- Opening Delimiter -
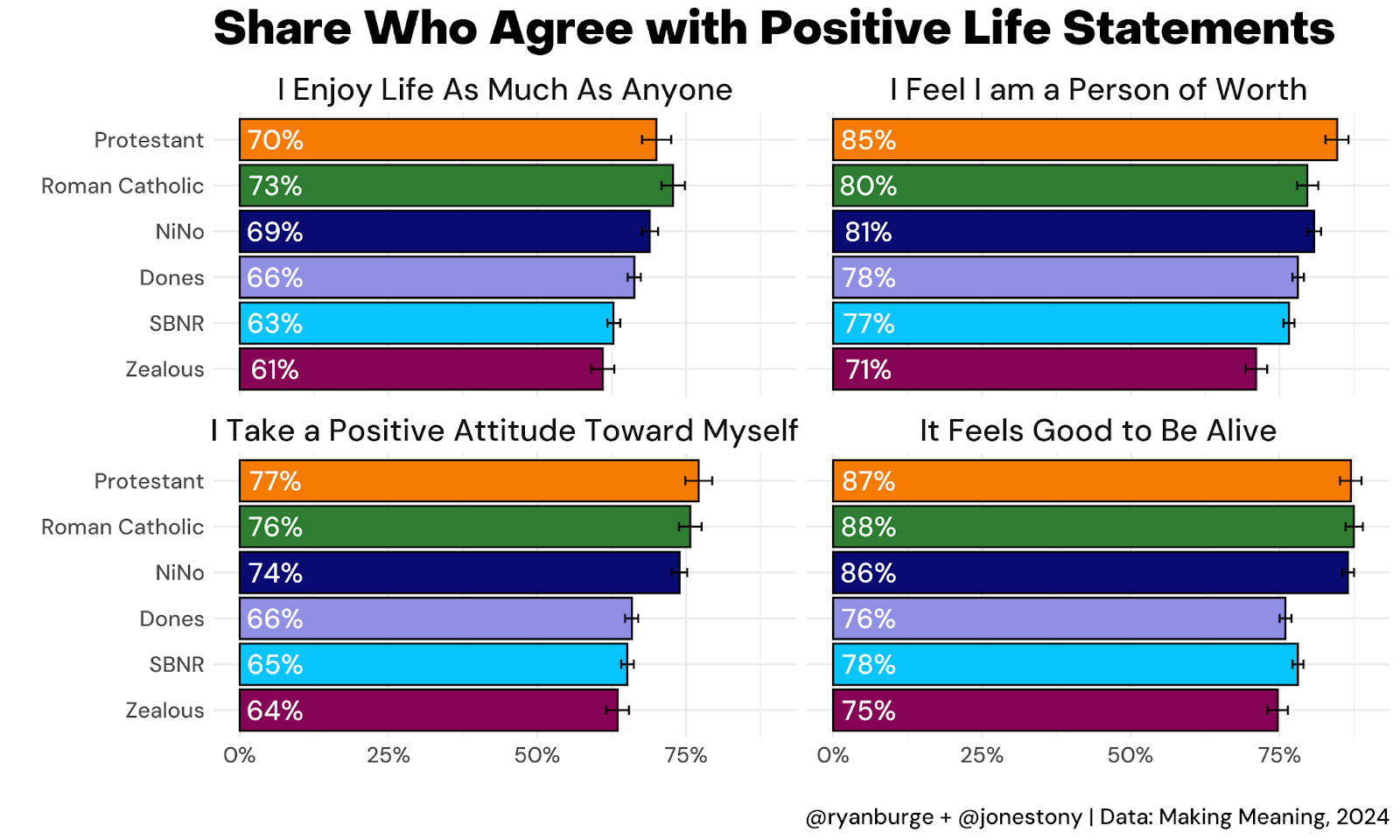 Meanwhile, the group that is the furthest from traditional religion and spirituality (the Dones) don’t seem to be doing demonstrably worse on these metrics compared to Christian groups. They do score lower on some of these questions, but the numerical gap is actually quite small.
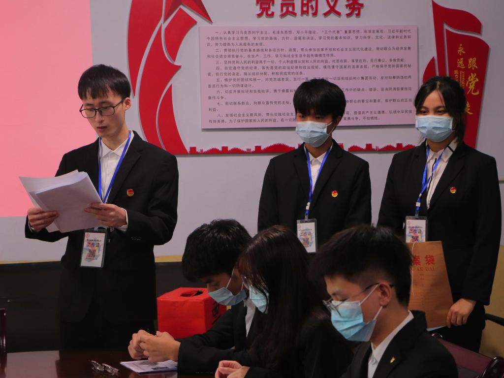 会议伊始,全体肃立齐唱国歌。崔宝玉老师作此次会议的筹备汇报,强调了预选举会议的重要意义,严格要求全体代表人员保持公平公正的态度,严格规范会议流程,积极鼓励英国beat365官网团员在今后的日子里更加出色。随后,全体代表举手表决无异议通过此次大会增补候选人名单。工作人员随即发放预选票名单,全体代表人员认真严肃地完成了此次票选,工作人员统票过程中,全体人员共同观看《中国共产党第十九届中央委员会第五次全体代表大会》,其主要强调了以习近平同志为核心的党中央不忘初心,牢记使命,领导全党人员始终砥砺前行,不断创新的使命。观看完毕,统票人员宣读此次候选人票选情况。最后,会议在慷慨激昂的团歌中宣告结束。
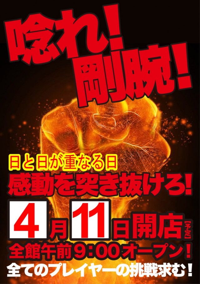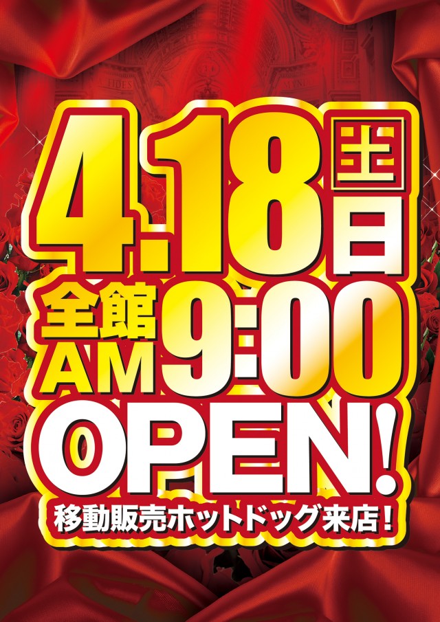 日と日が重なる日!唸れ!剛腕!全館9時オープン!!
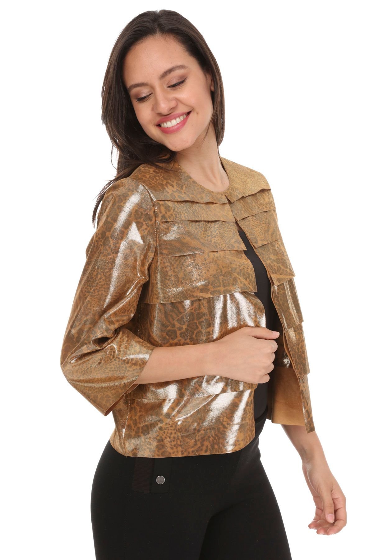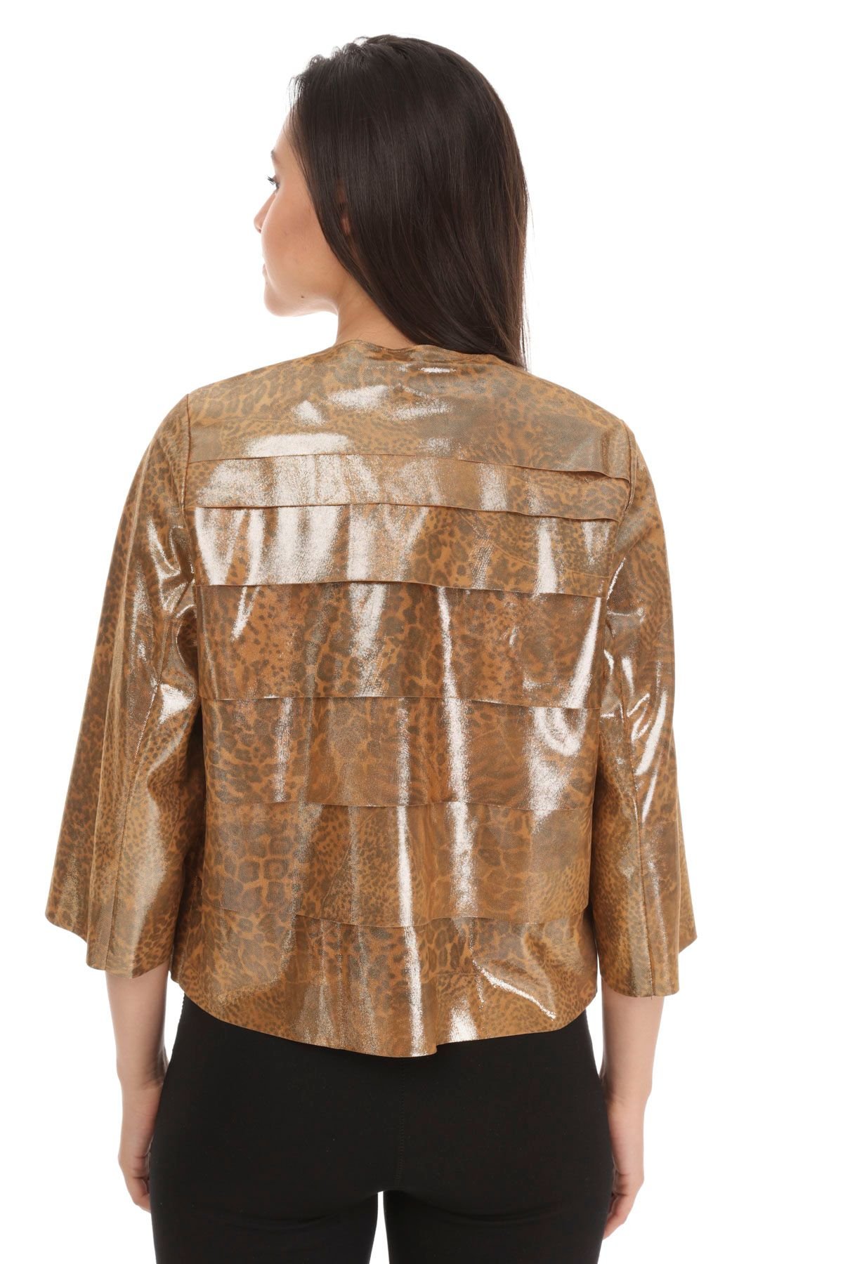Verleihen Sie Ihrem Outfit eine luxuriöse Note mit dieser exquisit gefertigten Damenjacke, einem wahren Statement-Stück für jede anspruchsvolle Garderobe. Hergestellt aus hochwertigem Schaf-Lammleder, besticht sie durch ihre robuste und dennoch geschmeidige Qualität, verziert mit einem faszinierenden goldfarbenen, hochglänzenden Finish und einem markanten Leopardenmuster. Diese Jacke ist der Inbegriff von Luxus, perfekt für besondere Anlässe, elegante Zusammenkünfte oder stilvolle Frühling-Sommer-Abendgarderobe. Ihr einzigartiges Stufendesign auf Vorder- und Rückseite erzeugt eine dynamische visuelle Textur, während die kragenlose, offene Silhouette und die eleganten Dreiviertel-Ärmel einen modernen und bequemen Sitz bieten. Konzipiert für Langlebigkeit und Komfort, sorgt ihre leichte Konstruktion für Atmungsaktivität und macht sie zur idealen Wahl für wärmere Jahreszeiten. Diese Jacke verspricht, eine zeitlose Ergänzung zu sein, die jedes Ensemble mit ihrer unvergleichlichen Qualität und ihrem markanten Design aufwertet.
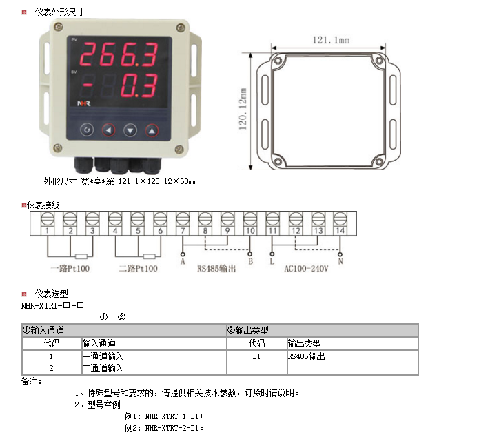 NHR-XTRT系列溫度遠傳監(jiān)測儀采用了表面貼裝工藝,全自動貼片機生產,具有很強的抗干擾能力。本儀表支持兩路PT100輸入,實現對溫度物理的測量顯示,帶RS485通訊輸出功能,帶雙屏數碼管顯示,上窗口顯示第1路測量值,下窗口顯示第2路測量值。 |
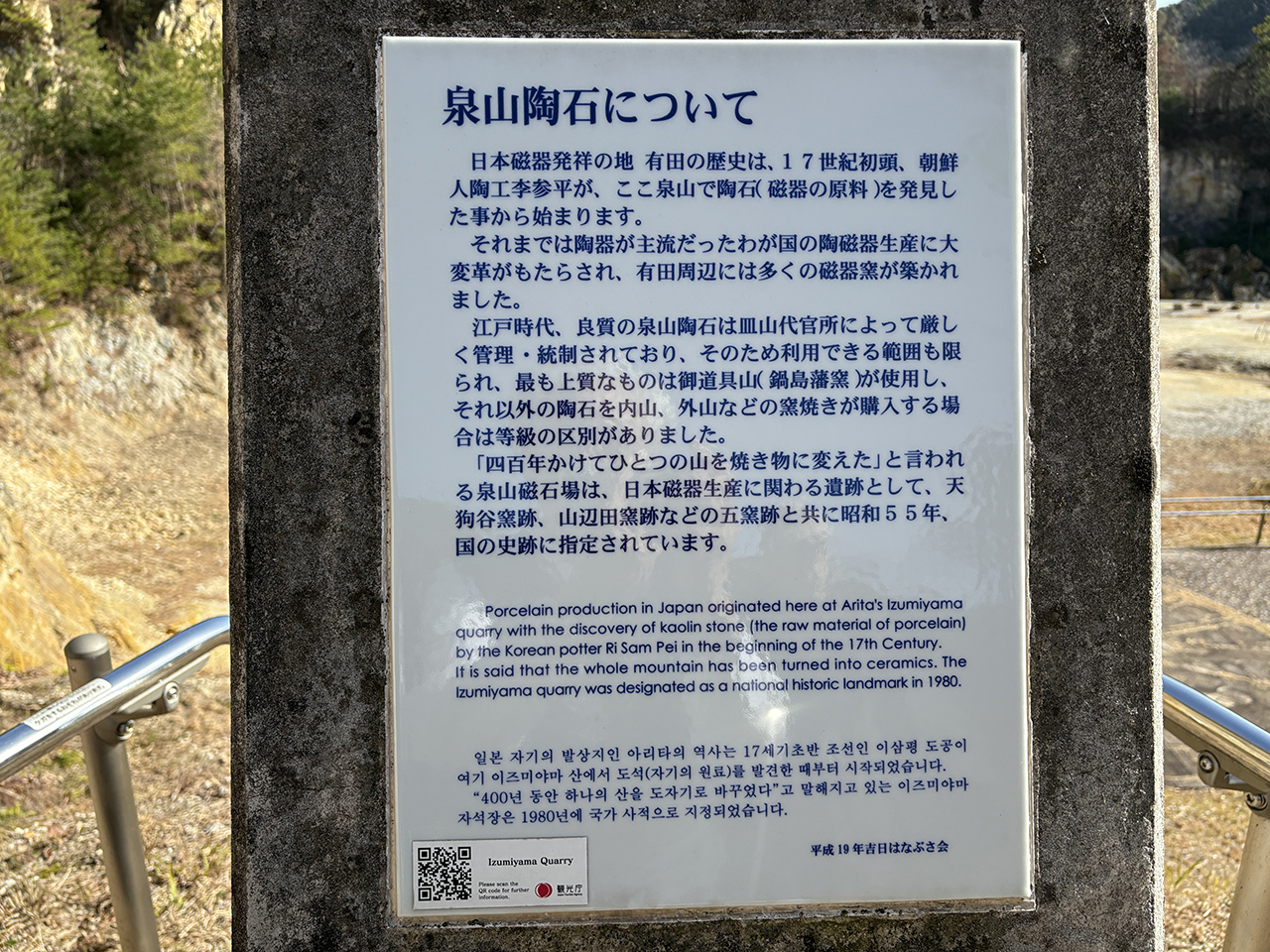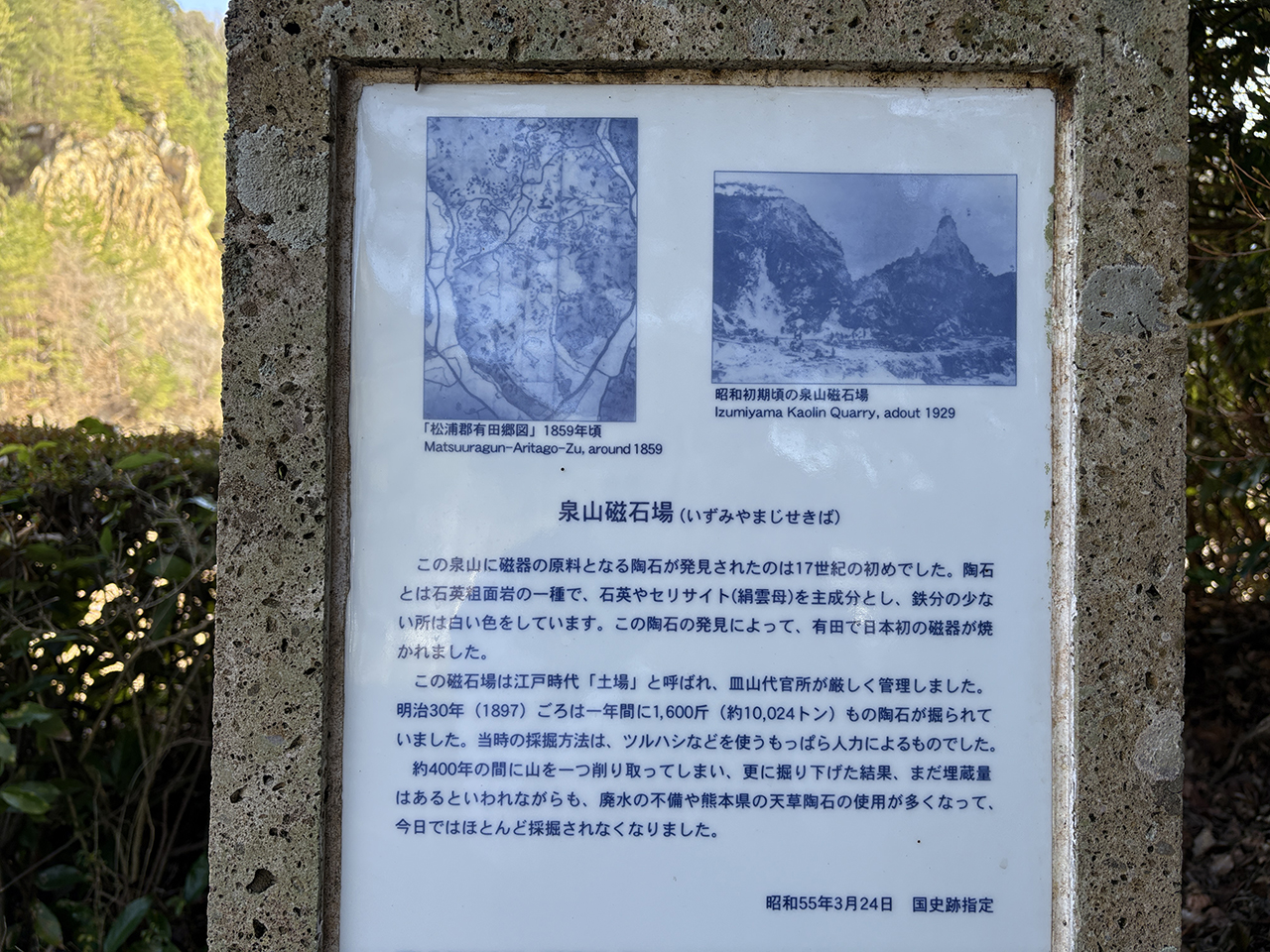 「四百年かけてひとつの山を焼き物に変えた」と言われる泉山磁石場は、日本磁器生産に関わる遺跡として、天狗谷窯跡、山辺田窯跡などの五窯跡と共に昭和55年、国の史跡に指定されています。
- Closing Delimiter -
What is needed:
Give back exactly the lines from the line with "NHR-XTRT系列溫度遠傳" through the final line of the entries above, and keep pictures out of the copy.

Response area:
 NHR-XTRT系列溫度遠傳監(jiān)測儀采用了表面貼裝工藝,全自動貼片機生產,具有很強的抗干擾能力。本儀表支持兩路PT100輸入,實現對溫度物理的測量顯示,帶RS485通訊輸出功能,帶雙屏數碼管顯示,上窗口顯示第1路測量值,下窗口顯示第2路測量值。 |
 「四百年かけてひとつの山を焼き物に変えた」と言われる泉山磁石場は、日本磁器生産に関わる遺跡として、天狗谷窯跡、山辺田窯跡などの五窯跡と共に昭和55年、国の史跡に指定されています。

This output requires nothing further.